*GOAL OF THE EXERCISE*
Below are the records; repeat exactly their lines between the line holding "육수를 끓여주시는데 무, 대파, 청양고추" and the line holding "泉州网1月20日讯 (记者黄枫 通讯员潘素芳", inclusive, skipping the pictures.

*EXTRACTED INFORMATION*
....................

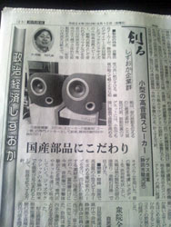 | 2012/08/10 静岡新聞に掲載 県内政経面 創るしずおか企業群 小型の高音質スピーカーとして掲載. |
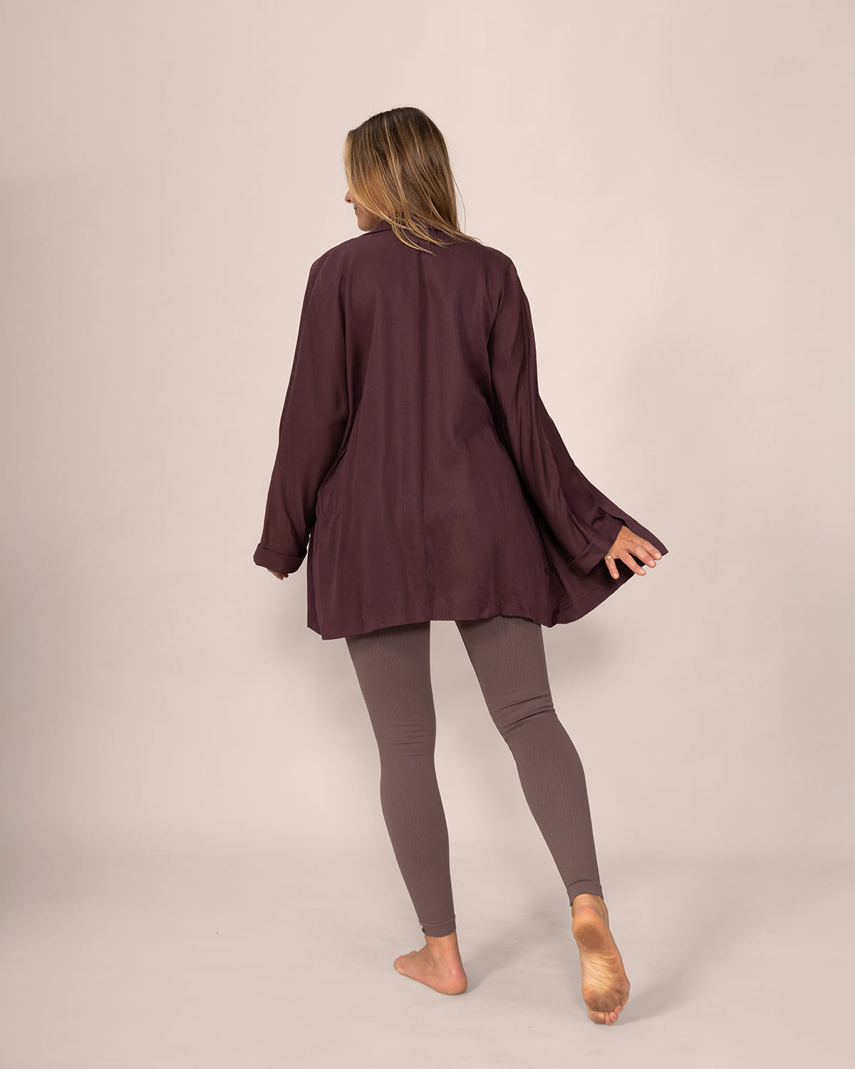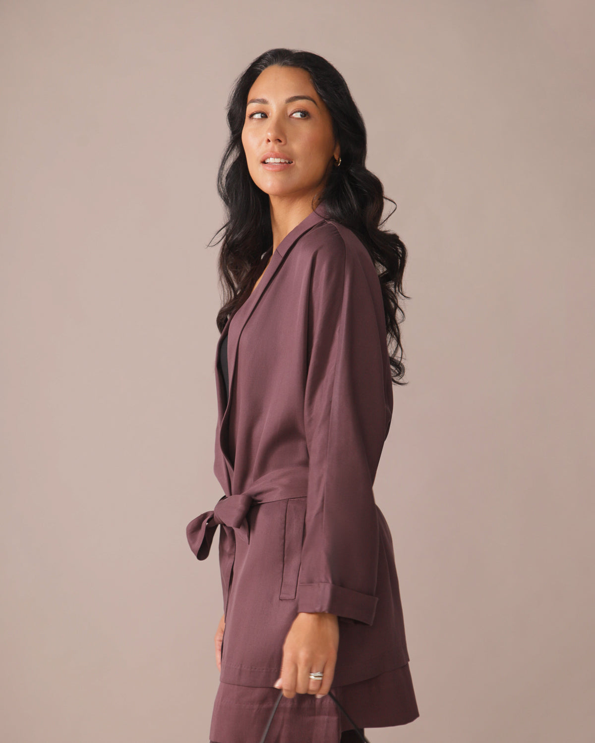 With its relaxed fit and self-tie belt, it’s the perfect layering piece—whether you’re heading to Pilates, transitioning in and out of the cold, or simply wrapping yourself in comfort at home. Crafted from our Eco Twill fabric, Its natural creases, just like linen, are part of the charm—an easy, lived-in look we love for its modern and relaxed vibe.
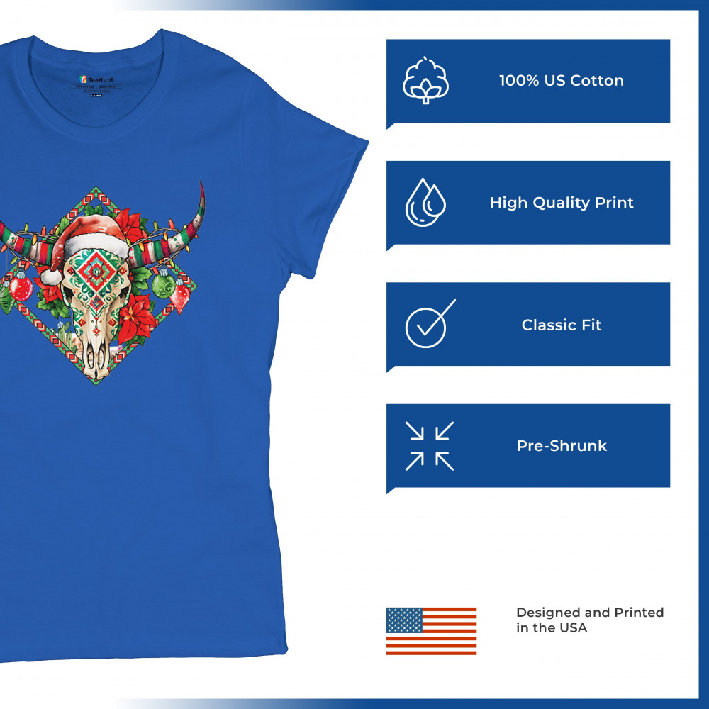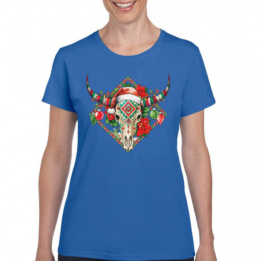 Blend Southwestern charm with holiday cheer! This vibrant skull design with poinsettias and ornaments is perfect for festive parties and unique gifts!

....................

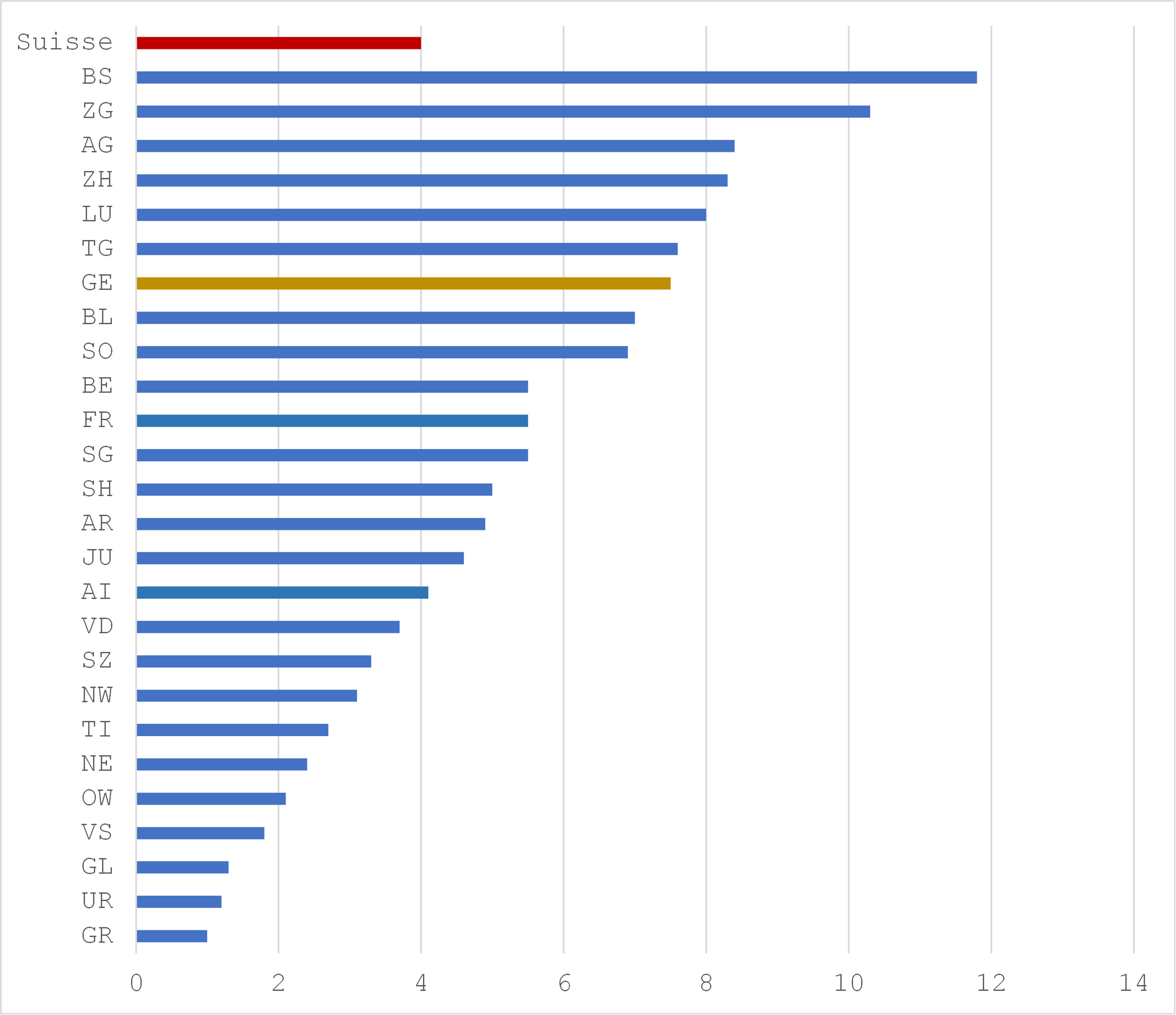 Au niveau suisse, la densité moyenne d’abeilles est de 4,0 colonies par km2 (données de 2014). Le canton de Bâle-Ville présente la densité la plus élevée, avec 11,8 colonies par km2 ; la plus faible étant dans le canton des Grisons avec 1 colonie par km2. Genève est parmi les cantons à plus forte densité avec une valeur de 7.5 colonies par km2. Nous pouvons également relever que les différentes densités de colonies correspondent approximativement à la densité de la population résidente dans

....................

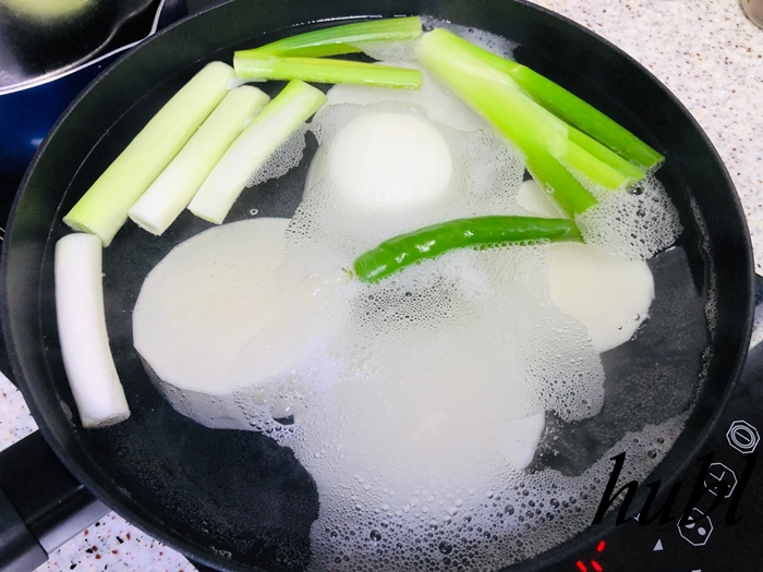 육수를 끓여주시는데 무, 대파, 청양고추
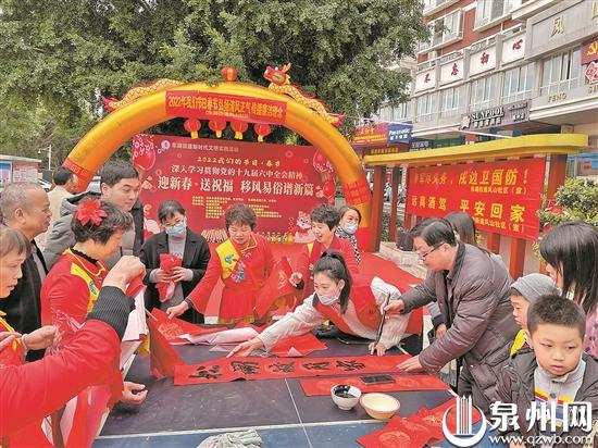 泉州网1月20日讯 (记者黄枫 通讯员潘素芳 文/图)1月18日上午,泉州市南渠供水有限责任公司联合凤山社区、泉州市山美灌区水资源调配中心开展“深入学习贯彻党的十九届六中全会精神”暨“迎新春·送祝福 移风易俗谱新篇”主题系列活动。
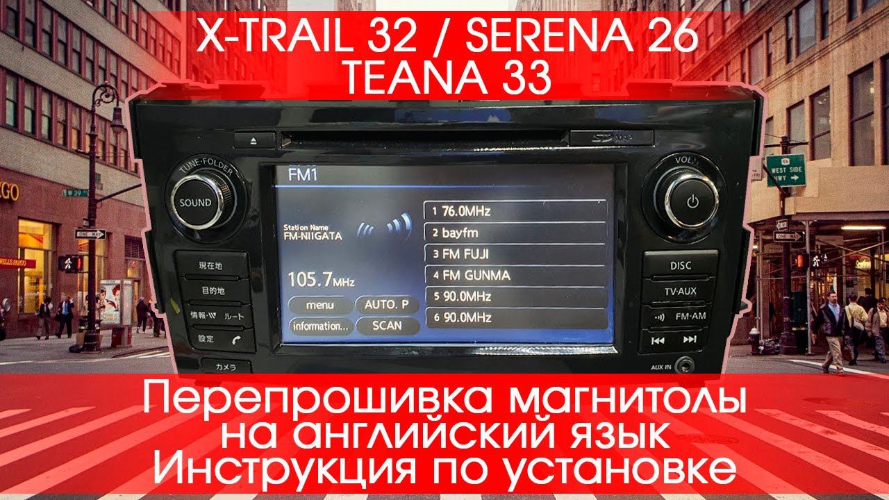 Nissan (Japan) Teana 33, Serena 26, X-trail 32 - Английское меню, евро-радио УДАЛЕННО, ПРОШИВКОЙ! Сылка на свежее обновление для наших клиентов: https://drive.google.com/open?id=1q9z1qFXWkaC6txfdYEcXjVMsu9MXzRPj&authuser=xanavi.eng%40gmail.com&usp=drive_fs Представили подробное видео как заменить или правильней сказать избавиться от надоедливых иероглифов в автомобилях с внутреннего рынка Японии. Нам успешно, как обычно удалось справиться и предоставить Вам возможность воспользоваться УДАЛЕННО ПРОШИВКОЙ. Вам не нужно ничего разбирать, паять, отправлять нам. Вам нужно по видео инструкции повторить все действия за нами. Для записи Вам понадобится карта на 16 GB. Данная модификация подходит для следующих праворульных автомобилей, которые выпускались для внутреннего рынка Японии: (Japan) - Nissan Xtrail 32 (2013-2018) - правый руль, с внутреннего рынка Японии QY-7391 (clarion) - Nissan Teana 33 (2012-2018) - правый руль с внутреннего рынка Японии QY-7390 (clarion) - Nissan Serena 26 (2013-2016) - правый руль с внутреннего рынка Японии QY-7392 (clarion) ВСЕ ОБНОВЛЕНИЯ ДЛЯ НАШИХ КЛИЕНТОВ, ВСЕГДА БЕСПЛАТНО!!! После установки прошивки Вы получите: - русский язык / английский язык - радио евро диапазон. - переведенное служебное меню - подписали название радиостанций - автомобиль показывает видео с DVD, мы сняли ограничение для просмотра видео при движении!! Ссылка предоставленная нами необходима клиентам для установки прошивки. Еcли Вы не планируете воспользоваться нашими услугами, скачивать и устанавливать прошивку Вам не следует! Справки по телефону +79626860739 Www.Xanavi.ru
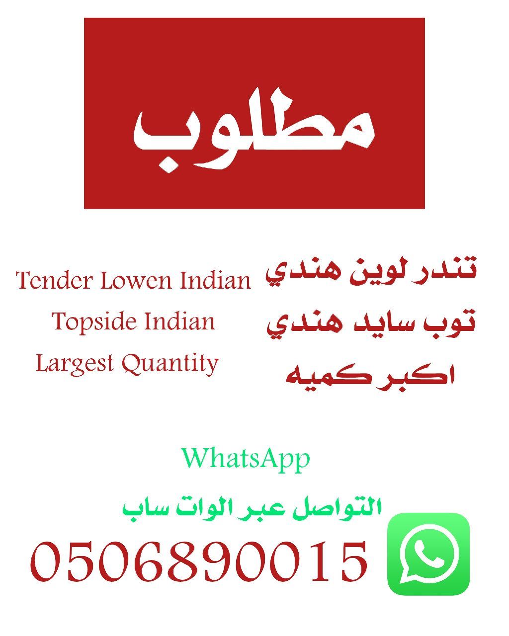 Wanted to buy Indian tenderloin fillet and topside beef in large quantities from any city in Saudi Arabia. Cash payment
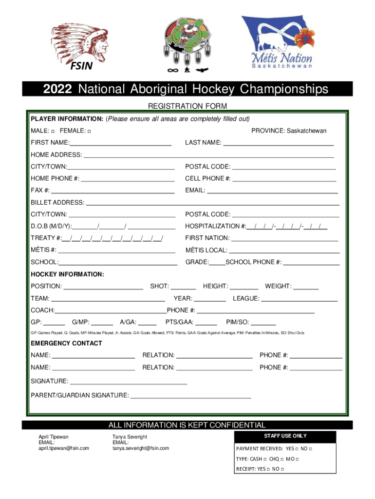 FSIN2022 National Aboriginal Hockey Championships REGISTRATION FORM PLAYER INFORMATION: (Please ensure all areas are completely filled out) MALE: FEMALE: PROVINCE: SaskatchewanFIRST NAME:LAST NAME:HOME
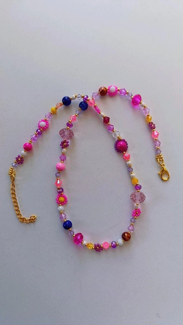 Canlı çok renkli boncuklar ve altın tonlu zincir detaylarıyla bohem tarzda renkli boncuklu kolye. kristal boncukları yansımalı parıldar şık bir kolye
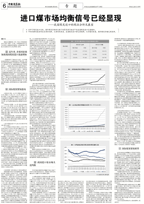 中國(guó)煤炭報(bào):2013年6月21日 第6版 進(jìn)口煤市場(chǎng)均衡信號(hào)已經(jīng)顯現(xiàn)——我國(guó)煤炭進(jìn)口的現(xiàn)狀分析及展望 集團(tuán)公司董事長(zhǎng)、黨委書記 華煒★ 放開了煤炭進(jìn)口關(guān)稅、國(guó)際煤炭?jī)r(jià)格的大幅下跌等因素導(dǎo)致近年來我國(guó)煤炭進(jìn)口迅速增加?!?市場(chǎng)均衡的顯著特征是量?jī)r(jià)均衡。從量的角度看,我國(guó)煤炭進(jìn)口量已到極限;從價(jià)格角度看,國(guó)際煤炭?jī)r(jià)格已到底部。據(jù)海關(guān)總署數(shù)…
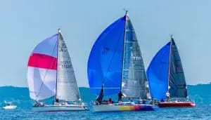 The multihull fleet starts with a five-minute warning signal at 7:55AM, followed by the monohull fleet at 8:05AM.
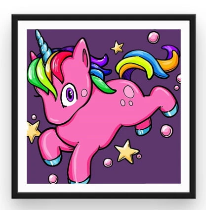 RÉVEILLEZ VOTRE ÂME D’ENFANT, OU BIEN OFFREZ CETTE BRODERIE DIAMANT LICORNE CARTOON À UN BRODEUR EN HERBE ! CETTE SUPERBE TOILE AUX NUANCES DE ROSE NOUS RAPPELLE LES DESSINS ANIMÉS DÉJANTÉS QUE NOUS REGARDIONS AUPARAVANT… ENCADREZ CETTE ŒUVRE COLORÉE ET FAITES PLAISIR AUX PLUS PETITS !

....................

*WRITTEN RESPONSE*
 육수를 끓여주시는데 무, 대파, 청양고추
 泉州网1月20日讯 (记者黄枫 通讯员潘素芳 文/图)1月18日上午,泉州市南渠供水有限责任公司联合凤山社区、泉州市山美灌区水资源调配中心开展“深入学习贯彻党的十九届六中全会精神”暨“迎新春·送祝福 移风易俗谱新篇”主题系列活动。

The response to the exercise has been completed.